Recorded data:

____

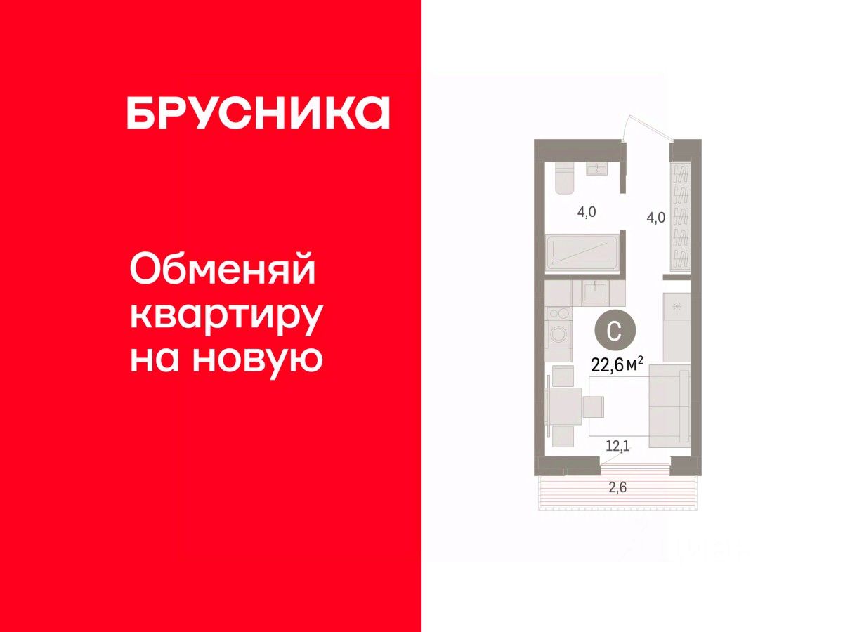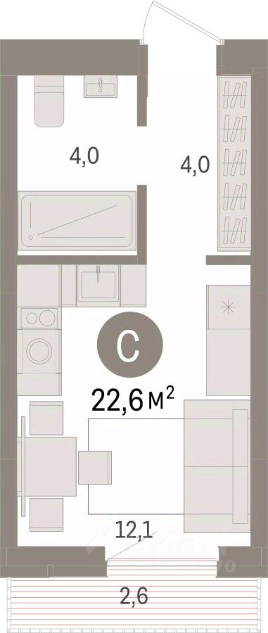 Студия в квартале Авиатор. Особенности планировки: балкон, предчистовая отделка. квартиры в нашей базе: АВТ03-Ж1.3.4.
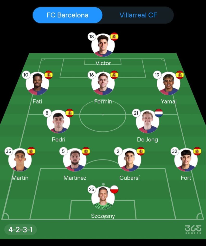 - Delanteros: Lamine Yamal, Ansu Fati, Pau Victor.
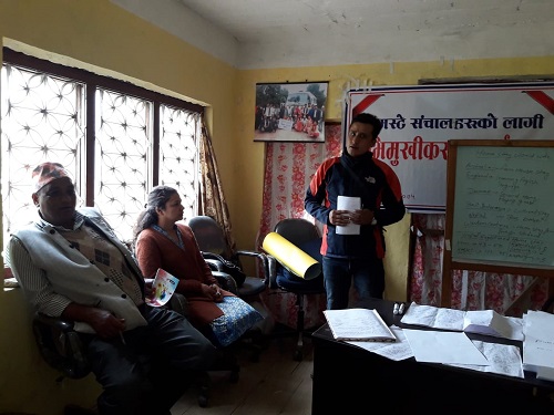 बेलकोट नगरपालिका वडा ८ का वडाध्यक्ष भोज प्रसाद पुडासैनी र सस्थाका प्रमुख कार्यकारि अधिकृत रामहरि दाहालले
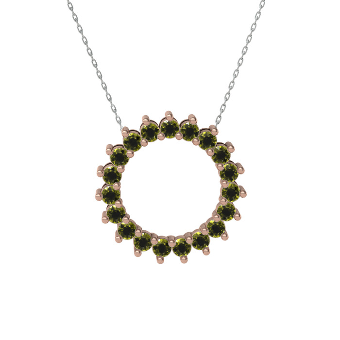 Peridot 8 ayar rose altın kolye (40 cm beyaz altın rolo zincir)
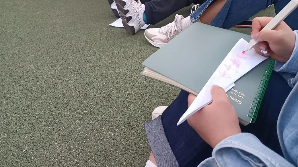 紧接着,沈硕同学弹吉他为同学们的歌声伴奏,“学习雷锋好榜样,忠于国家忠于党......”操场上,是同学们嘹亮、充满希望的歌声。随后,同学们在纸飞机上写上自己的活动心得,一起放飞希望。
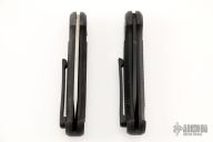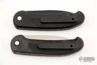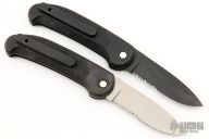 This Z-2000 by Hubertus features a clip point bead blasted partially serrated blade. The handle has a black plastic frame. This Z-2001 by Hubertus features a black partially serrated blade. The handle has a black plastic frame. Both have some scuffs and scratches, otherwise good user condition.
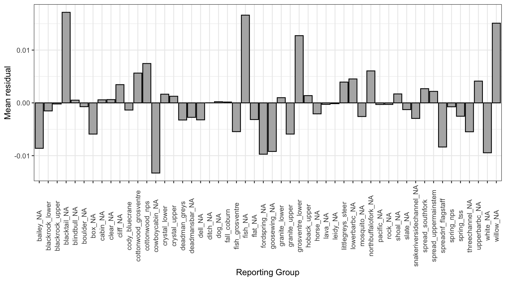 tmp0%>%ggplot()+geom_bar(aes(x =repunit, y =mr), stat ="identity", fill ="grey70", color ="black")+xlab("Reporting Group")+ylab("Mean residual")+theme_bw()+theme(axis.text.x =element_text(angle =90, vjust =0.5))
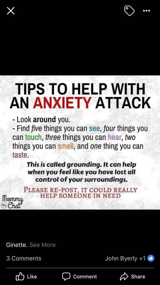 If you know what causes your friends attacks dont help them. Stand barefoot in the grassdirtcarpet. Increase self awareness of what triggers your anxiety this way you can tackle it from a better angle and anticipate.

____

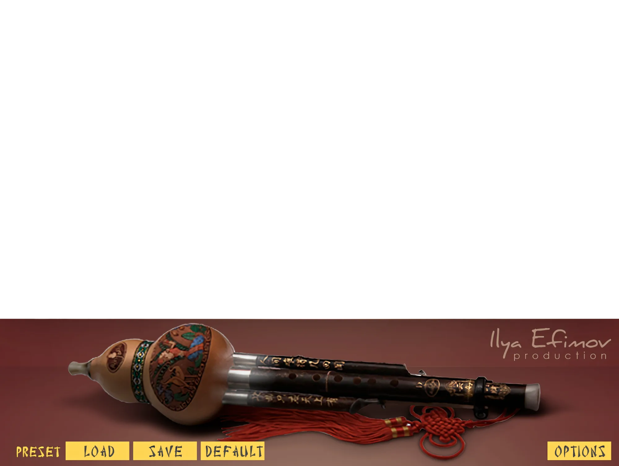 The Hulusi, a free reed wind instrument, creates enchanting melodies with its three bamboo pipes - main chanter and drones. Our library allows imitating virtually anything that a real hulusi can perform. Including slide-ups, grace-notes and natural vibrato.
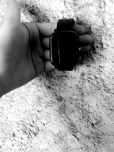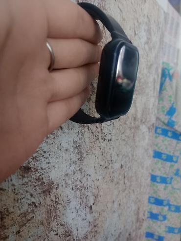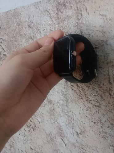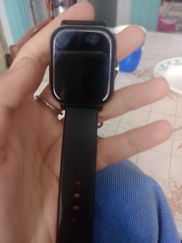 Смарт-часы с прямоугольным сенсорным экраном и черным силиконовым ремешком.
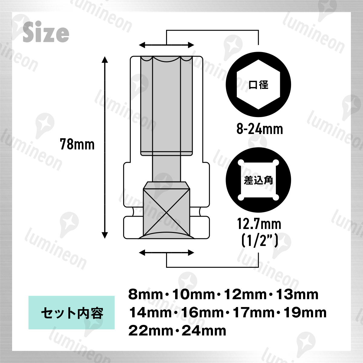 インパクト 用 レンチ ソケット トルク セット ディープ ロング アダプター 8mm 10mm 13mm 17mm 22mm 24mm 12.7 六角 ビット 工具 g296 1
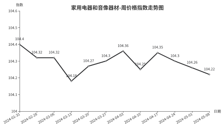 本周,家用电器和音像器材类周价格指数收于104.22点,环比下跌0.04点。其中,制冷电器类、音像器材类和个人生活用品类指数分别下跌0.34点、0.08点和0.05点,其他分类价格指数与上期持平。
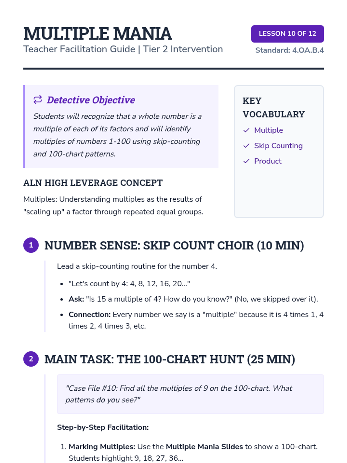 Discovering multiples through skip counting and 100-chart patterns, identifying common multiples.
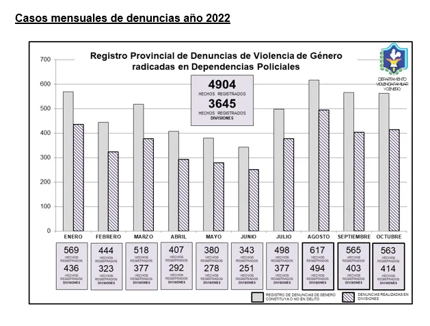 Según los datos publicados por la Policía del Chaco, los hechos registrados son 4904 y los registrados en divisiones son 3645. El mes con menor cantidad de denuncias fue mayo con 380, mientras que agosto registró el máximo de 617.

____

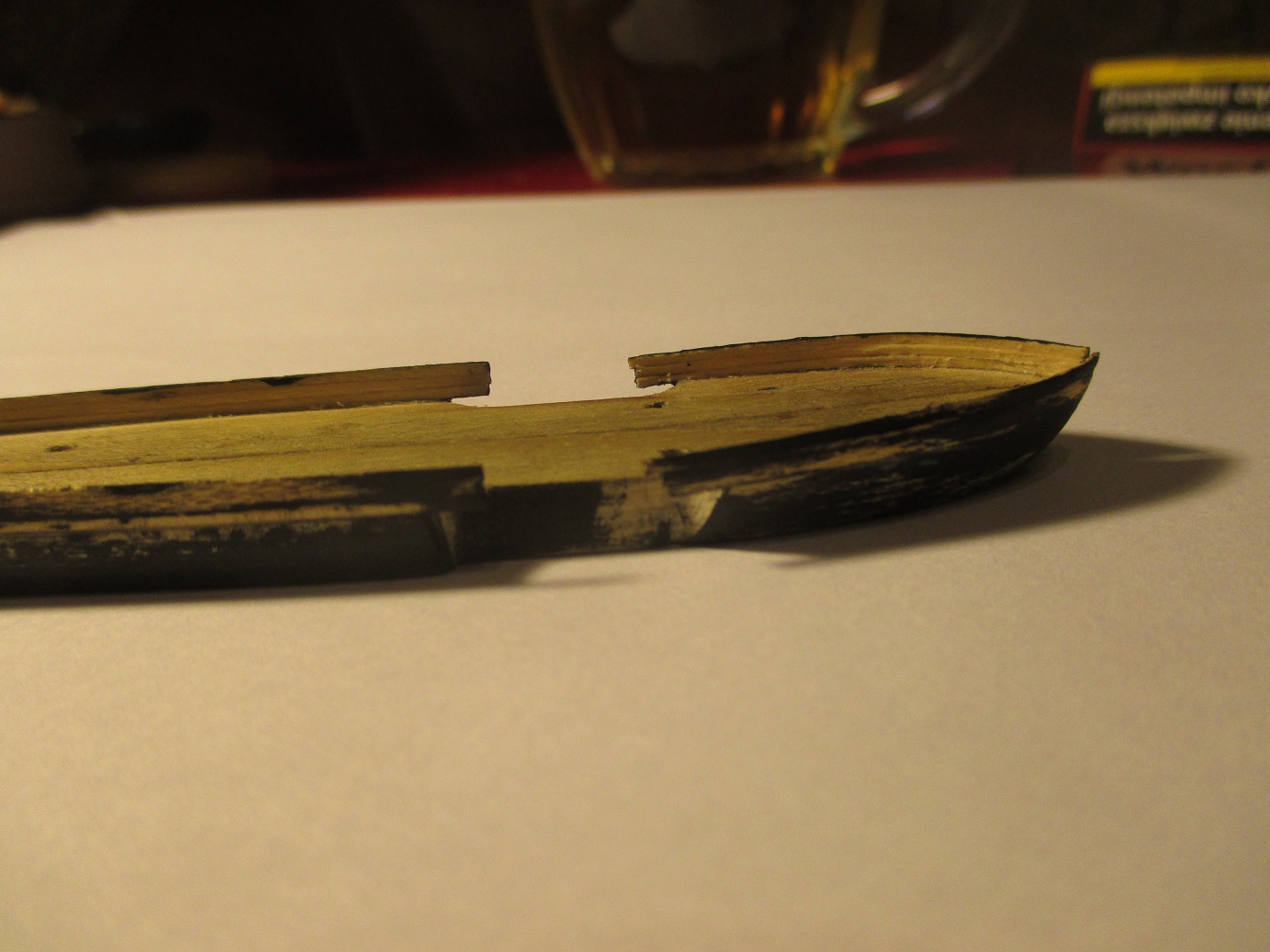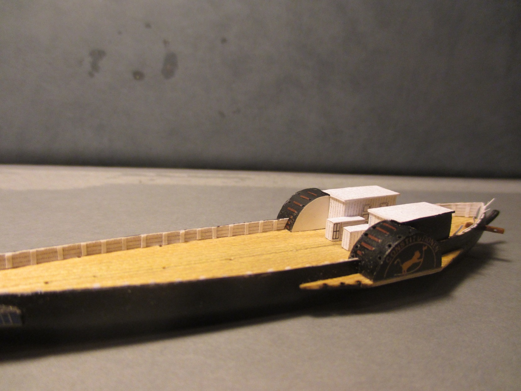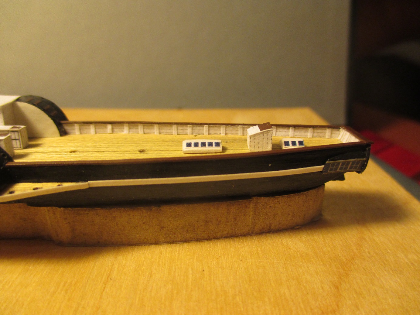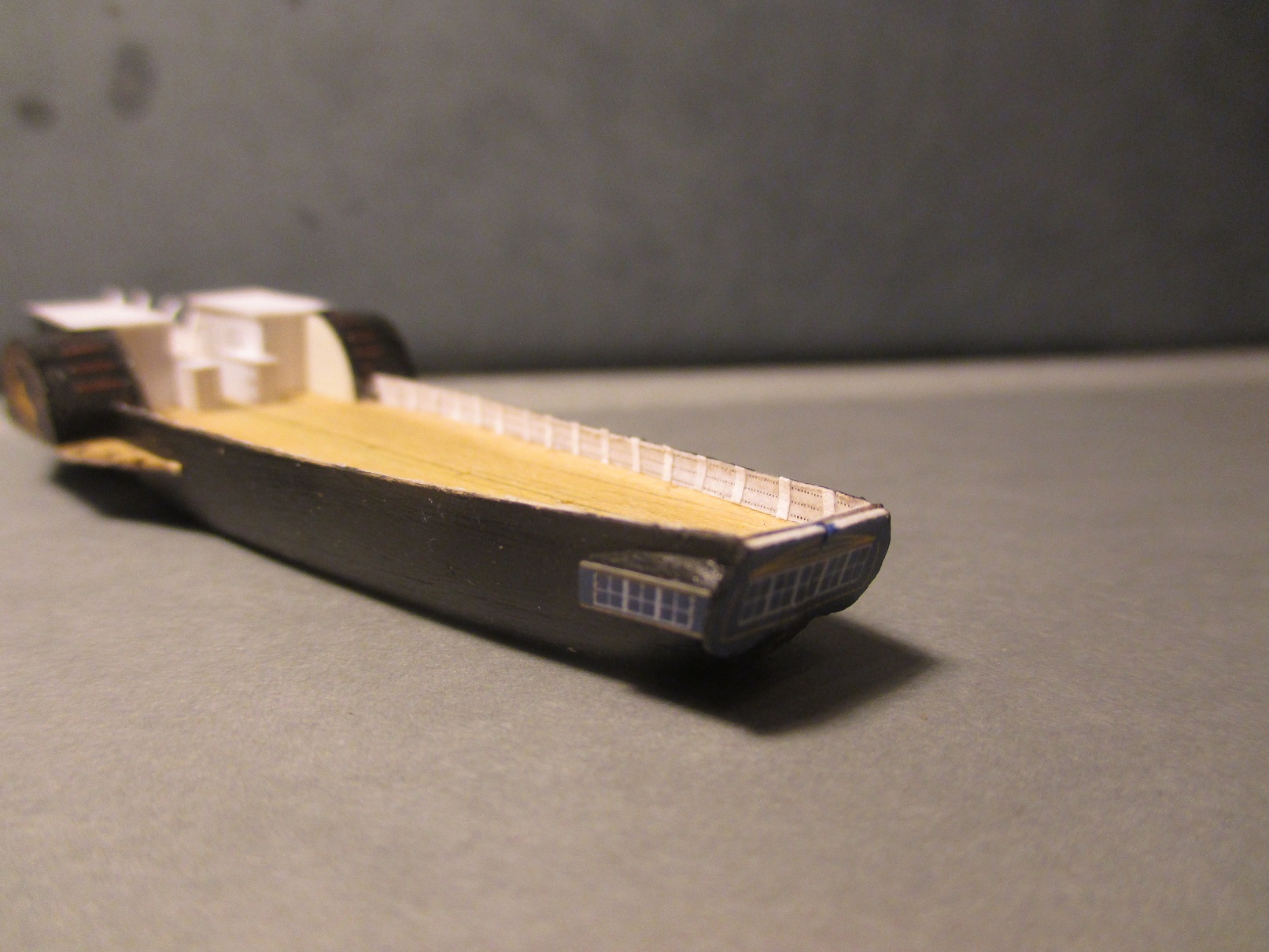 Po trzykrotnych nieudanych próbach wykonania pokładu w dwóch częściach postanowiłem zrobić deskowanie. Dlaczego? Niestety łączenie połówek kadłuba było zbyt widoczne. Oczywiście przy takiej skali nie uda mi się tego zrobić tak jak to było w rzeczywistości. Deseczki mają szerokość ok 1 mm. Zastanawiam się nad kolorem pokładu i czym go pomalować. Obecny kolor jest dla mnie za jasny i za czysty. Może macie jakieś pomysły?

____

Go back to the lines above and output, exactly as they stand, the ones from the line containing "本周,家用电器和音像器材类周" to the line containing "Según los datos". Leave all pictures behind.

 本周,家用电器和音像器材类周价格指数收于104.22点,环比下跌0.04点。其中,制冷电器类、音像器材类和个人生活用品类指数分别下跌0.34点、0.08点和0.05点,其他分类价格指数与上期持平。
 Discovering multiples through skip counting and 100-chart patterns, identifying common multiples.
 Según los datos publicados por la Policía del Chaco, los hechos registrados son 4904 y los registrados en divisiones son 3645. El mes con menor cantidad de denuncias fue mayo con 380, mientras que agosto registró el máximo de 617.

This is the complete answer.